Юра был рад, что дядя взял его в Дуплянку. Там было очень красиво, и живописность места тоже напоминала маму, которая любила природу и часто брала Юру с собой на прогулки. Кроме того Юре было приятно, что он опять встретится с Никой Дудоровым, гимназистом, жившим у Воскобойникова, который наверное презирал его, потому что был года на два старше его, и который, здороваясь, с силой дергал руку книзу и так низко наклонял голову, что волосы падали ему на лоб, закрывая лицо до половины.
5
— Жизненным нервом проблемы пауперизма, — читал Николай Николаевич по исправленной рукописи.
— Я думаю, лучше сказать — существом, — говорил Иван Иванович и вносил в корректуру требующееся исправление.
Они занимались в полутьме стеклянной террасы. Глаз различал валявшиеся в беспорядке лейки и садовые инструменты. На спинку поломанного стула был наброшен дождевой плащ. В углу стояли болотные сапоги с присохшей грязью и отвисающими до полу голенищами.
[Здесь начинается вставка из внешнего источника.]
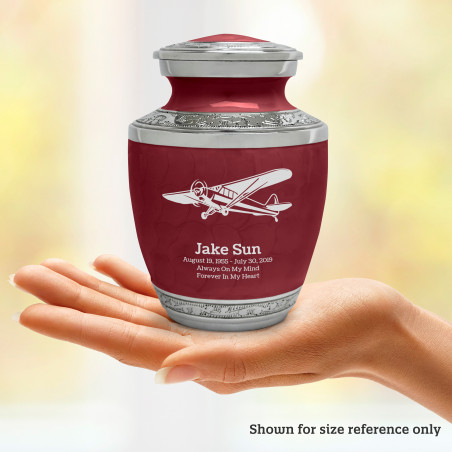 Select Airplane II Sharing Urn - Rose Red to create a personal memorial that is a step larger than a keepsake urn but more petite than a full size urn. Bold, attractive colors offer sharp contrast with the engraved text and detailed artwork.

— Между тем статистика смертей и рождений показывает, — диктовал Николай Николаевич.
— Надо вставить, за отчетный год, — говорил Иван Иванович и записывал.
Террасу слегка проскваживало. На листах брошюры лежали куски гранита, чтобы они не разлетелись.
Когда они кончили, Николай Николаевич заторопился домой.
— Гроза надвигается. Надо собираться.
— И не думайте. Не пущу. Сейчас будем чай пить.
— Мне к вечеру надо обязательно в город.
— Ничего не поможет. Слышать не хочу.
Из палисадника тянуло самоварной гарью, заглушавшей запах табака и гелиотропа. Туда проносили из флигеля каймак, ягоды и ватрушки. Вдруг пришло сведенье, что Павел отправился купаться и повел купать на реку лошадей. Николаю Николаевичу пришлось покориться.
— Пойдемте на обрыв, посидим на лавочке, пока накроют к чаю, — предложил Иван Иванович.
Иван Иванович на правах приятельства занимал у богача Кологривова две комнаты во флигеле управляющего. Этот домик с примыкающим к нему палисадником находился в черной, запущенной части парка со старой полукруглою аллеей въезда. Аллея густо заросла травою. По ней теперь не было движения, и только возили землю и строительный мусор в овраг, служивший местом сухих свалок. Человек передовых взглядов и миллионер, сочувствовавший революции, сам Кологривов с женою находился в настоящее время за границей. В имении жили только его дочери Надя и Липа с воспитательницей и небольшим штатом прислуги.
Ото всего парка с его прудами, лужайками и барским домом садик управляющего был отгорожен густой живой изгородью из черной калины. Иван Иванович и Николай Николаевич обходили эту заросль снаружи, и по мере того как они шли, перед ними равными стайками на равных промежутках вылетали воробьи, которыми кишела калина. Это наполняло её ровным шумом, точно перед Иваном Ивановичем и Николаем Николаевичем вдоль изгороди текла вода по трубе.
Они прошли мимо оранжереи, квартиры садовника и каменных развалин неизвестного назначения. У них зашел разговор о новых молодых силах в науке и литературе.
— Попадаются люди с талантом, — говорил Николай Николаевич. — Но сейчас очень в ходу разные кружки и объединения. Всякая стадность — прибежище неодаренности, все равно верность ли это Соловьеву, или Канту, или Марксу. Истину ищут только одиночки и порывают со всеми, кто любит её недостаточно. Есть ли что-нибудь на свете, что заслуживало бы верности? Таких вещей очень мало. Я думаю, надо быть верным бессмертию, этому другому имени жизни, немного усиленному.
Надо сохранять верность бессмертию, надо быть верным Христу!
Ах, вы морщитесь, несчастный. Опять вы ничегошеньки не поняли.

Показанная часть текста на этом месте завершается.